THE POLE VAULT FIGURES PROMINENTLY in this issue. On p. 56 you’ll find our story on how the new shorter pegs on the standards are wreaking havoc with one of the most popular of events. And on p. 61 “We Think” rants about how the IAAF for the second time in two years has come up with a rule change leading to a reduction in clearances when it should be looking for ways to increase them.
Here’s another aspect of the story. The length of the pegs is only part of the problem. At the same time—as the diagram on p. 56 shows—IAAF rulesmakers also enacted a new ruling that the ends of the crossbars have to be semicircular instead of square. The rationale for this is that it ensures that the same side of the bar is always facing in the same direction, so all vaulters will get the same amount of sag.
This led to a virtual square-peg-round-hole problem. The new rules say the bar ends “shall have a semicircular cross-section” and be 30–35mm wide. The bar, which attaches to the ends, must be 30mm in diameter. Oops! Geometry shows a circle of 30mm diameter can’t fit inside a semicircle of 35mm diameter.
Equipment makers, quickly realizing this fact, approximated semicircular bar ends, shaping them in D or Omega configurations, only to have officials reject them for not being exactly semicircular until the IAAF issued a clarification. The clarification only further confused some vaulters, who thought it OKed old-style square bar ends, which it did not.
All of which leads me to the same elemental question I’ve posed in this space more than once: why couldn’t they just leave the pole vault alone? On a per-performance basis, I don’t think there’s any event in the sport that generates more oohs and aahs. Just let them jump. And let them jump more rather than less.
KUDOS TO UC SAN DIEGO and coach Tony Salerno. On p. 22 you’ll find our discovery that thought-to-be-record discus performances at UCSD have been invalidated by a downhill field. UCSD gets credit for doing two things which I suspect are too often not followed in the record-application process: they actually had a field survey and they subsequently fessed up when the facility proved to be illegal.

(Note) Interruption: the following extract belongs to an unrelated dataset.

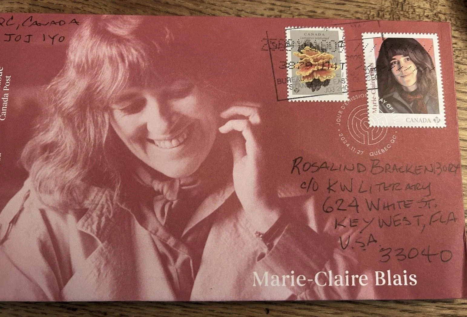 Anyway, this week I received a letter from Canada from a woman I don’t know, but who knows I’m here and was a friend of Marie-Claire Blais. It’s a first-day envelope with a picture Marie-Claire on the front, a stamp with a photo of her when young, and a quote from her on the back in French and English. “On écrit parce qu’on a une vision du monde et on veut le partager avec le plus de monde possible. Il y a ce besoin de communiquer et de décrire l’univers.” “We write because we have a vision of the world and we want to share it with as many people as possible. There is this need to communicate and to describe the universe.” Canadians do everything twice, once in each language.

It’s nice to have your faith in human nature restored. I worry that all too often officials look the other way in this kind of situation, saying “Athlete X is too good a person to lose record credit.” The problem with that line of thinking, of course, is what about Athlete Y, who previously held the record, or Athlete Z who down the road might have a mark better than the old one but not as good as the supposed record? Chances are they’re equally good people. Emotion can’t enter into it.
There are probably also officials who rationalize that the rule itself is too onerous. Nobody could keep a straight face while claiming that Suzy Powell’s mark deserved record status after discovering it was more than a yard downhill. But at what point would you look the other way? The landing-area rules, it seems to me are pretty stiff. A 1:1000 slope means that at a 230-foot (70m) length the maximal offset is only about 3 inches (7cm). When you figure in how inexact a science finding the “landing spot” of a flat plate on a hard surface is, it strikes me that that 3-inches is just too harsh.
On the other hand, like so many events in track & field, discus results are measured to a level of precision which defies logic and only leads to a sport that’s far too complicated for the average fan to enjoy. But that’s a rant for another day.